Say, for simplicity, that this column has the following elements col=[1,2,1, c, 2%, 4%, 15.5, 16.5]
So, in R will read this column as if one created this variable
col<-c("1","2", "c", "2%", "4%", "15.5", "16.5", "1980", "1/12/1950")
My purpose is to do some tabulations and compute some statistics based on the "truly" numerical data, which in this example are all values except the letter "c" and the dates, 1980 and 1/12/1950.
What is the easiest way to do this in R ? Any help will be much appreciated.
Of course, there is the very simple thing to do, which is to coerce all elements to be numeric, but then in R this implies convert all characters into NA - which I do not like.
One way is to create a new vector that is separate from any text characters.

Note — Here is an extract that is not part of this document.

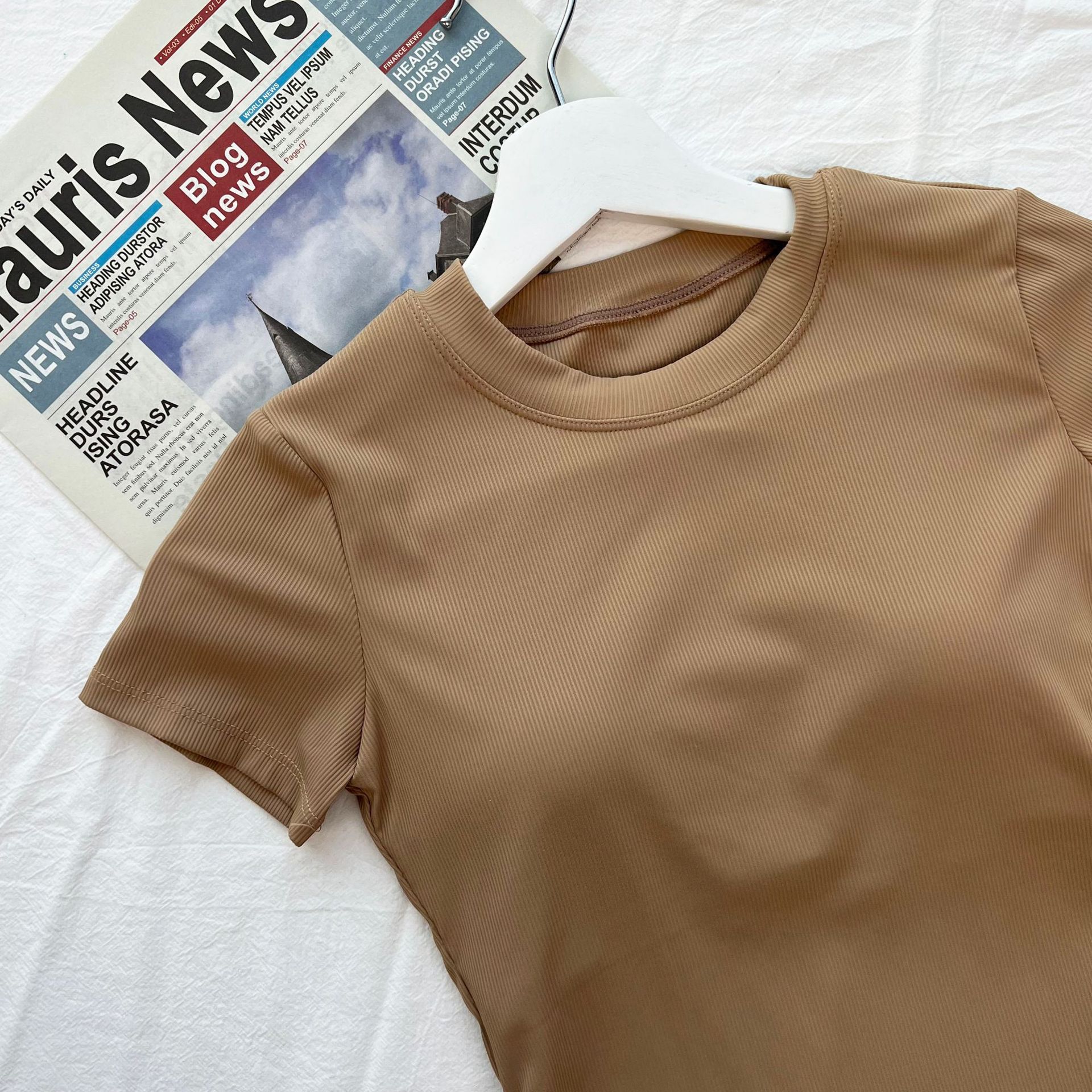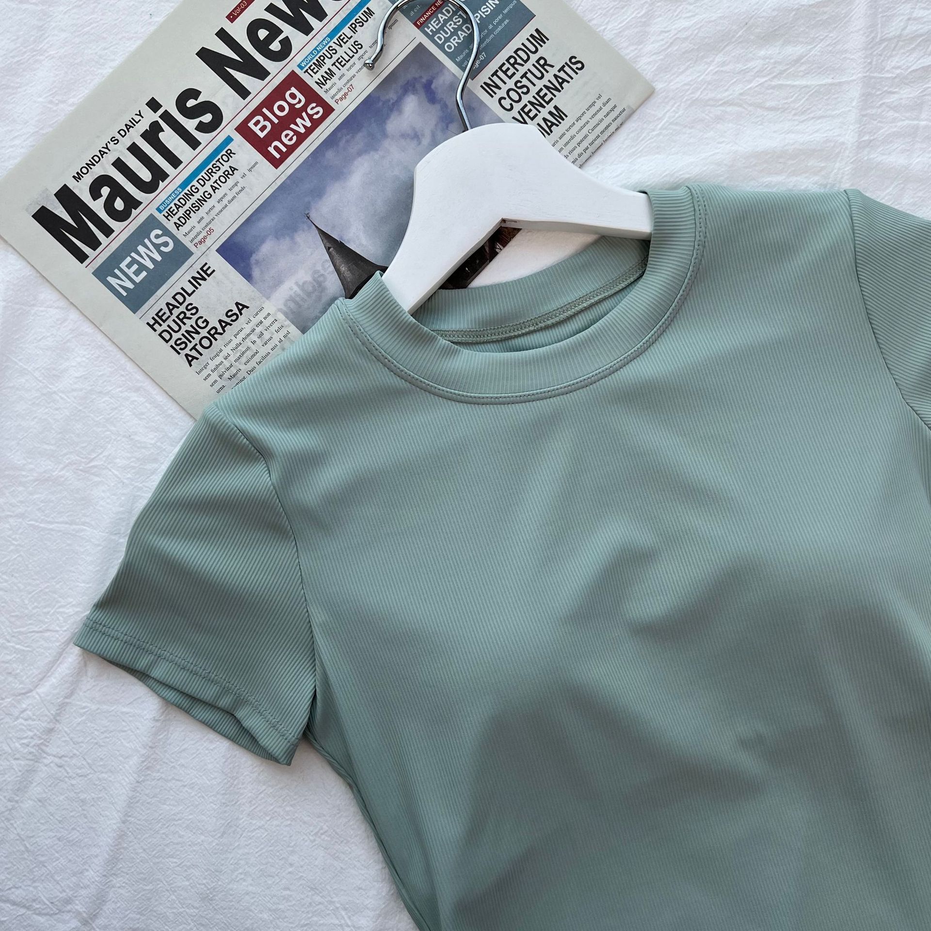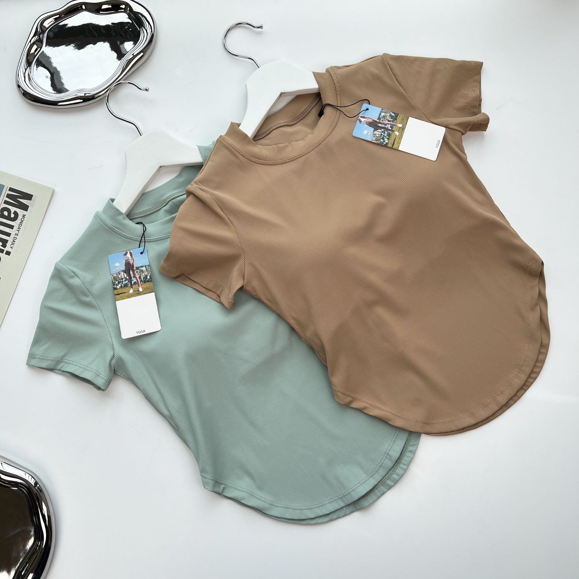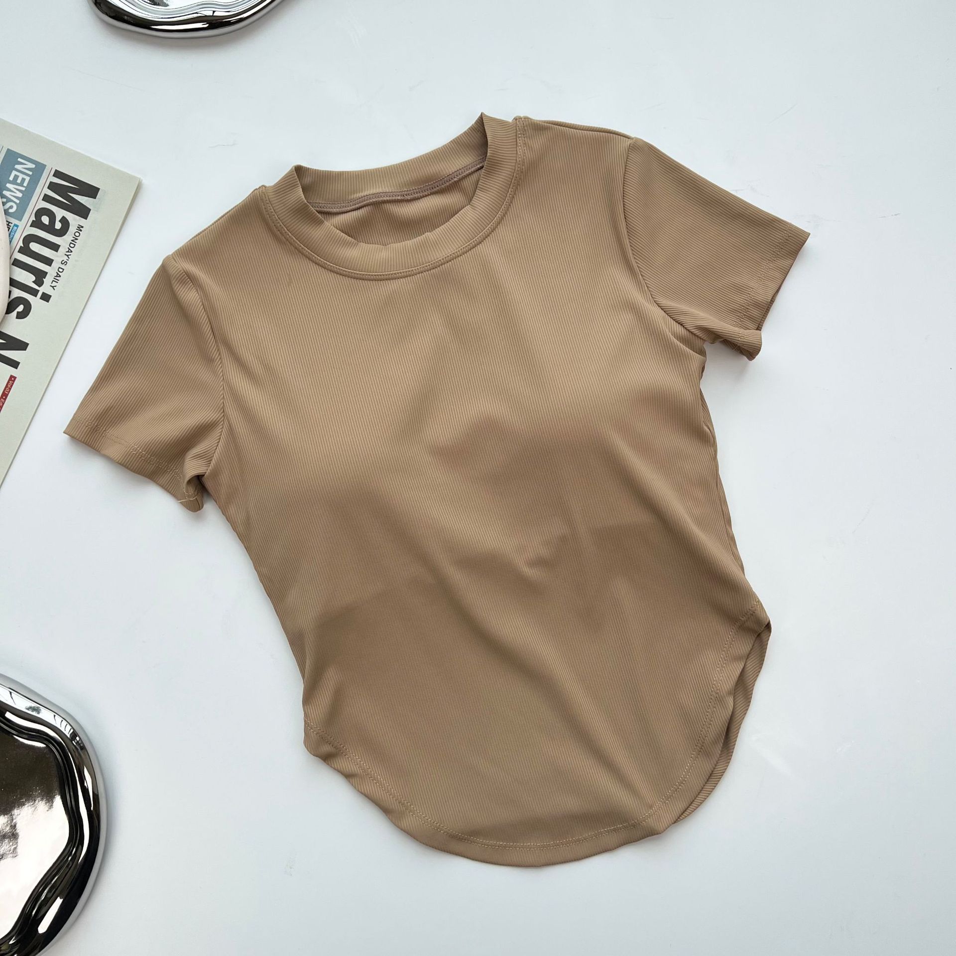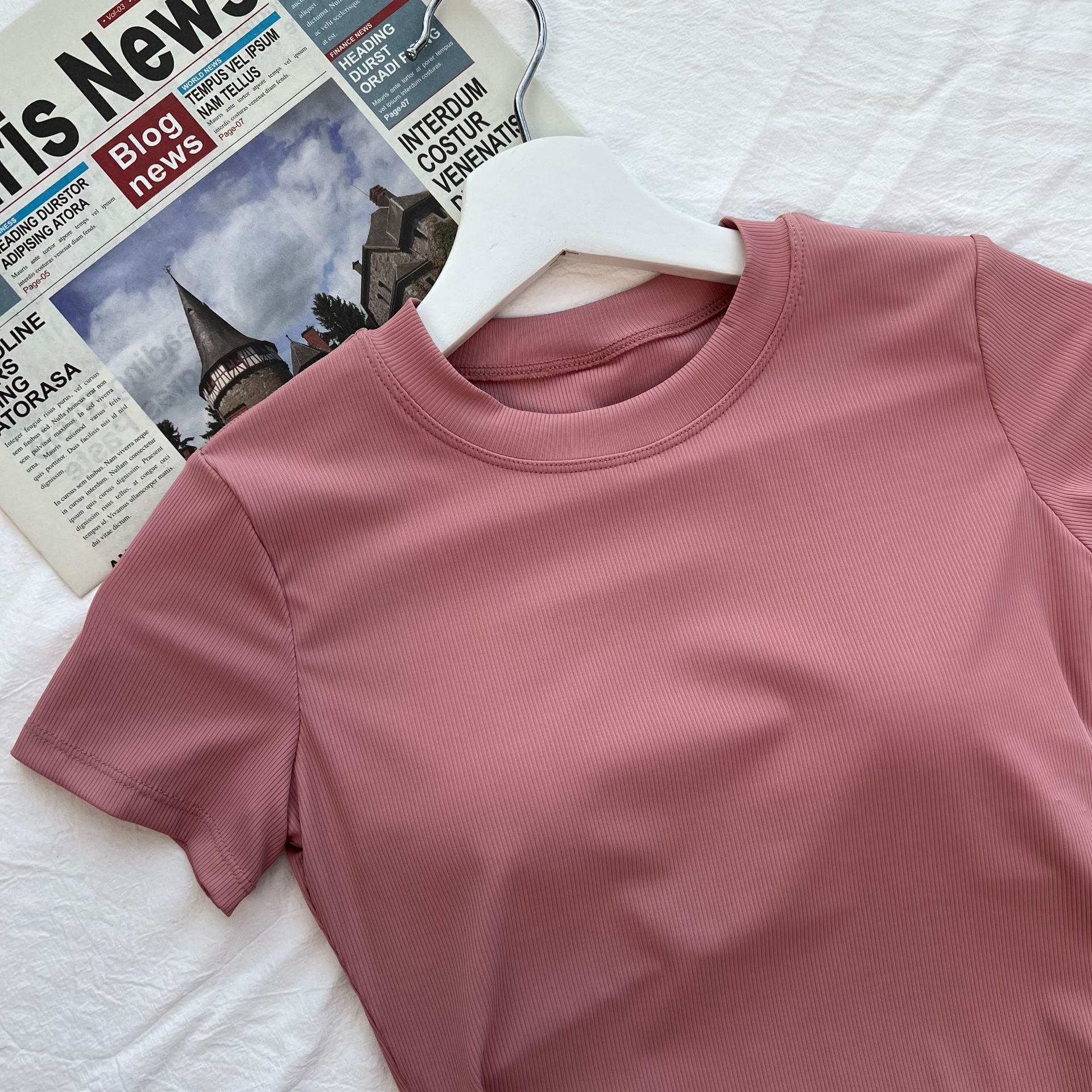 시원한 반팔 요가복, 가슴 패드 내장, 부드러운 누드감, 허리 노출 스포츠 탑, 슬림핏 피트니스 티셔츠, 초탄력스토어 가기
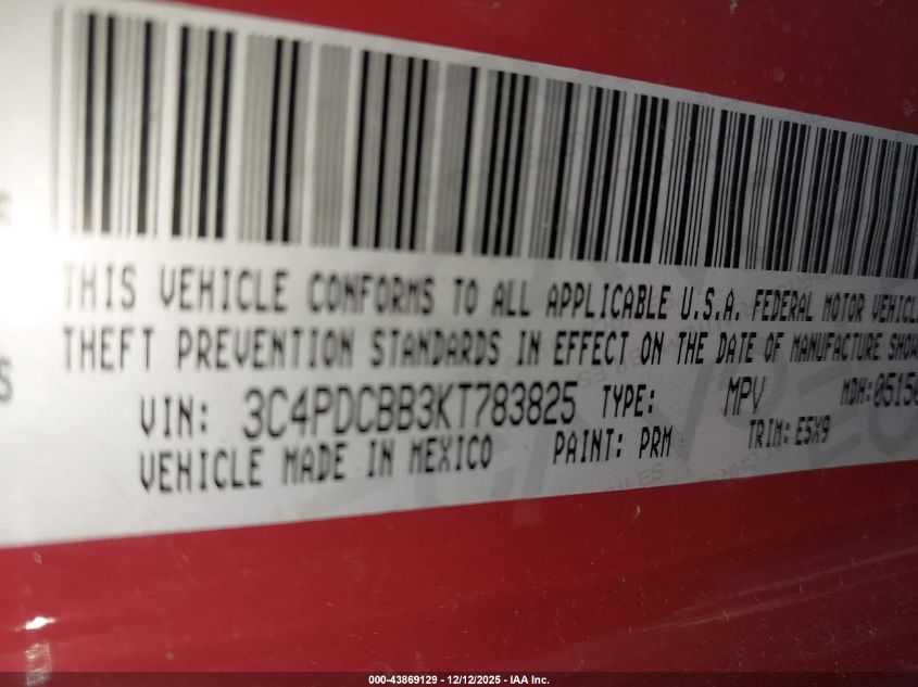 Цвет КрасныйЦилиндры 4Привод Передний приводVIN 3C4PDCBB3KT783825Состояние СтационарноПовреждения Передняя или задняя AutoRIA

## Create new vector without any characters
col2 <- col[-grep("[a-zA-Z]", col)]
## To strip percentages (%)
strip_percents <- as.numeric(gsub("%", "", col2))
## All numbers except percentages
no_percents <- as.numeric(col2[-grep("%", col2)])
## Save strings in new vector
all_yo_strings <- col[grep("[a-zA-Z]", col)]
## Save percentages in a new vector
all_yo_percents <- col[grep("%", col)]
all_yo_percents <- as.numeric(gsub("%", "", all_yo_percents))/100
Does that work for your purposes? It will preserve your text strings in the original col
variable (which you can access by simply removing the -
from col[-grep("[a-zA-Z]", col)]
), while giving you a new, numeric vector.